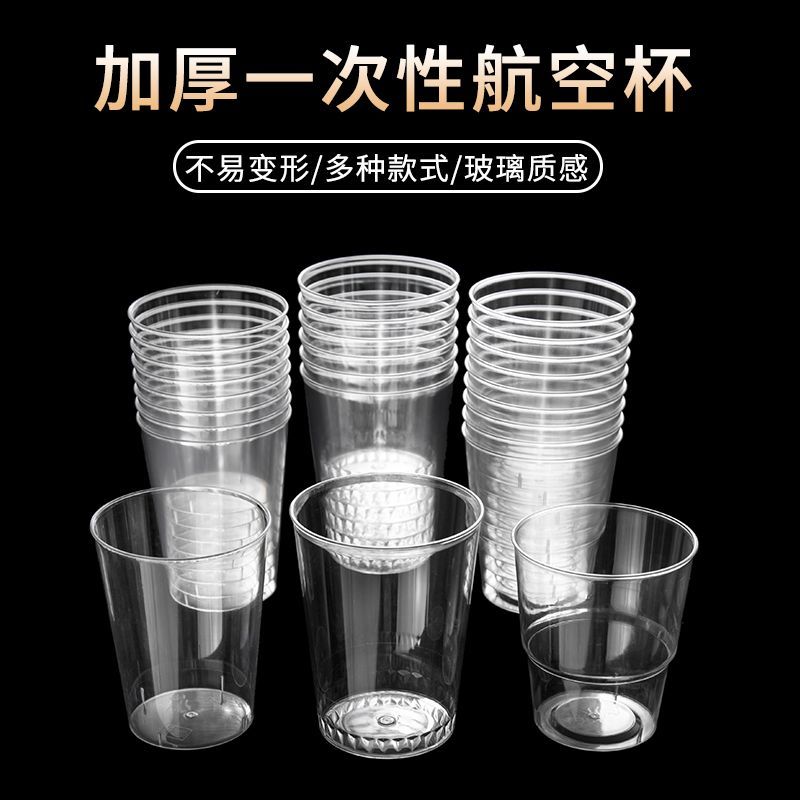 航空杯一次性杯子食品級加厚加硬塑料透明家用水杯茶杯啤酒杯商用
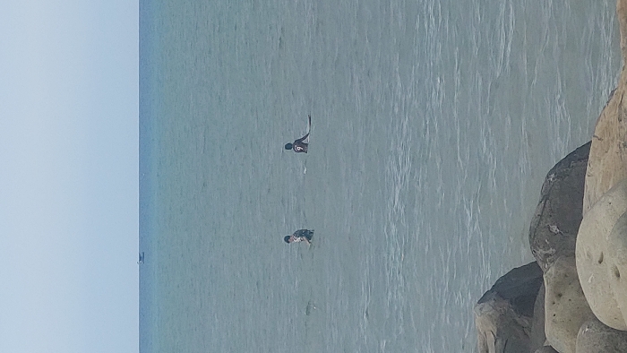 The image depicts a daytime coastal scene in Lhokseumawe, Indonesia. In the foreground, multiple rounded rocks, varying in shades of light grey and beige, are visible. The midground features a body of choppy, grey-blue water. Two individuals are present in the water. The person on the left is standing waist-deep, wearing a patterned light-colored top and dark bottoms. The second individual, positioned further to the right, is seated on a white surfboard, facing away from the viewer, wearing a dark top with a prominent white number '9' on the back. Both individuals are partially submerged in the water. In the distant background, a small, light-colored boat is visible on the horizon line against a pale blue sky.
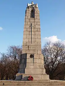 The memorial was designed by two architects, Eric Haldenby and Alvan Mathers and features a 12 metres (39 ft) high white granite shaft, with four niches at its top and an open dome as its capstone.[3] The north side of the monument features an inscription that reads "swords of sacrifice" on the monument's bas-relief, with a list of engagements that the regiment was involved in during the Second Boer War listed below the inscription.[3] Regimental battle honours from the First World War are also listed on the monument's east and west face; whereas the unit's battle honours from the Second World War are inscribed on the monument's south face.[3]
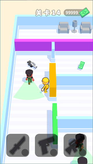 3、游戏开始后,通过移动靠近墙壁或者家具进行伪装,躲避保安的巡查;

────

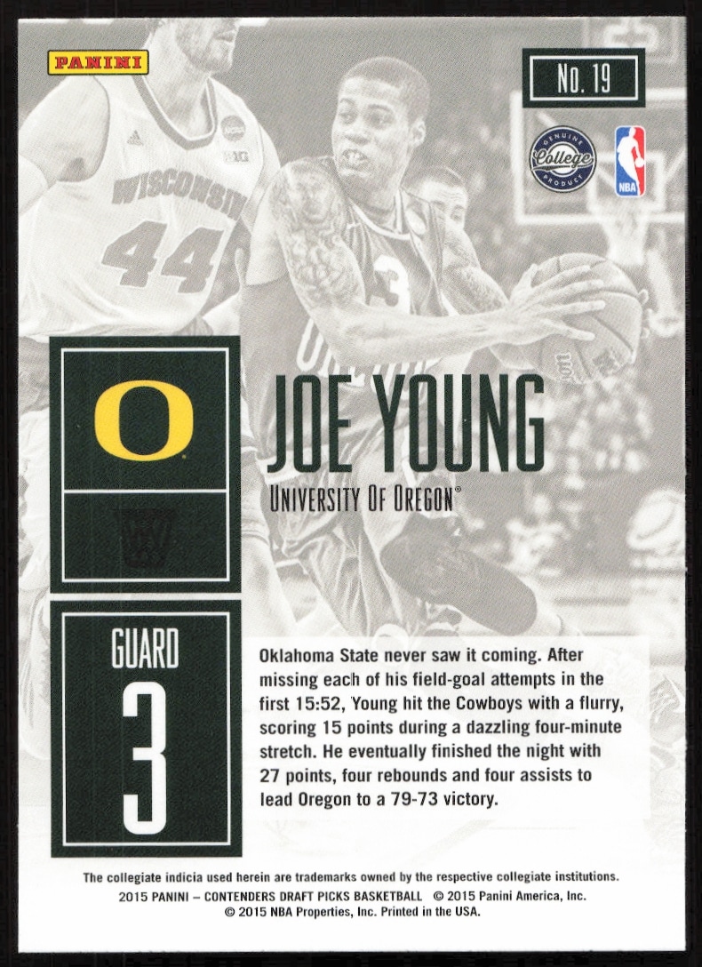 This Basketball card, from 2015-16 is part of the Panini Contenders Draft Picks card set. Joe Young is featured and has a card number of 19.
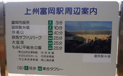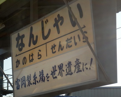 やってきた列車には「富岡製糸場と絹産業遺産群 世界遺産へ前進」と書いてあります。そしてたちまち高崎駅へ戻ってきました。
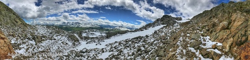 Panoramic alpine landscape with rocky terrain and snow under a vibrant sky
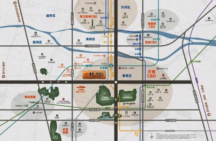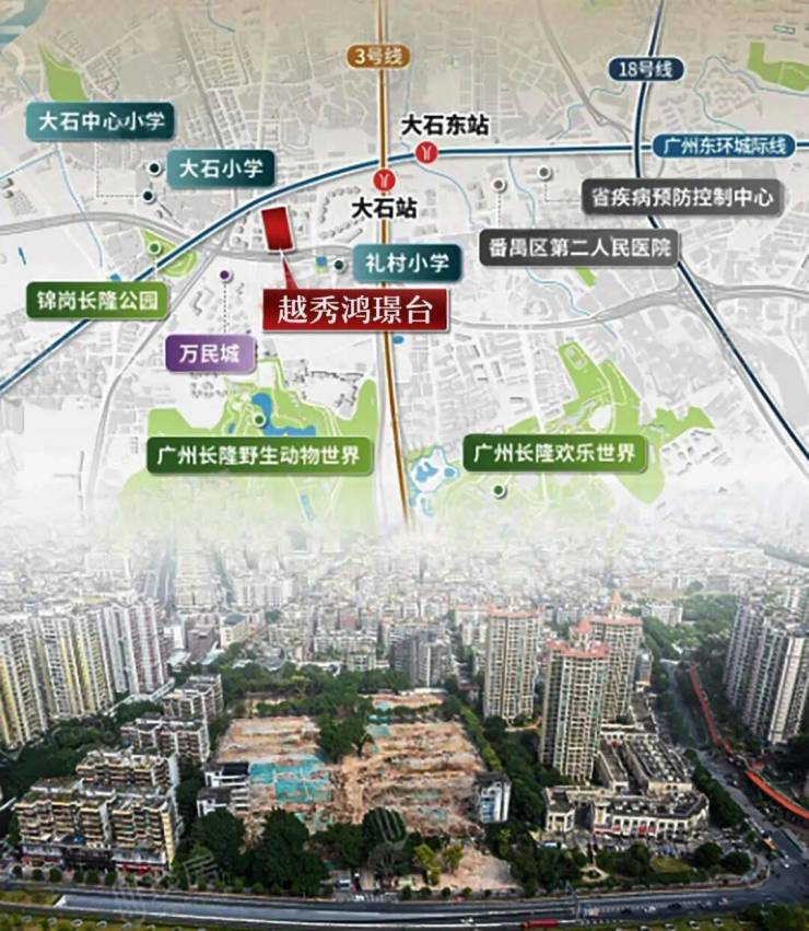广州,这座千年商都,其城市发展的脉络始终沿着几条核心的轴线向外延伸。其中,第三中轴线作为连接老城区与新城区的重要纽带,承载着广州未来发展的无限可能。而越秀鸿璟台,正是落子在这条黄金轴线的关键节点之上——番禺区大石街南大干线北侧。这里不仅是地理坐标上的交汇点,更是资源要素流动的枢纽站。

────

→ **YOUR TASK**: Each line between the one holding "Panoramic alpine landscape" and the one holding "广州,这座千年商都,其城市发", inclusive, should be copied exactly as it appears above, and pictures should be omitted.

→ **EXPECTED OUTPUT**:
 Panoramic alpine landscape with rocky terrain and snow under a vibrant sky
广州,这座千年商都,其城市发展的脉络始终沿着几条核心的轴线向外延伸。其中,第三中轴线作为连接老城区与新城区的重要纽带,承载着广州未来发展的无限可能。而越秀鸿璟台,正是落子在这条黄金轴线的关键节点之上——番禺区大石街南大干线北侧。这里不仅是地理坐标上的交汇点,更是资源要素流动的枢纽站。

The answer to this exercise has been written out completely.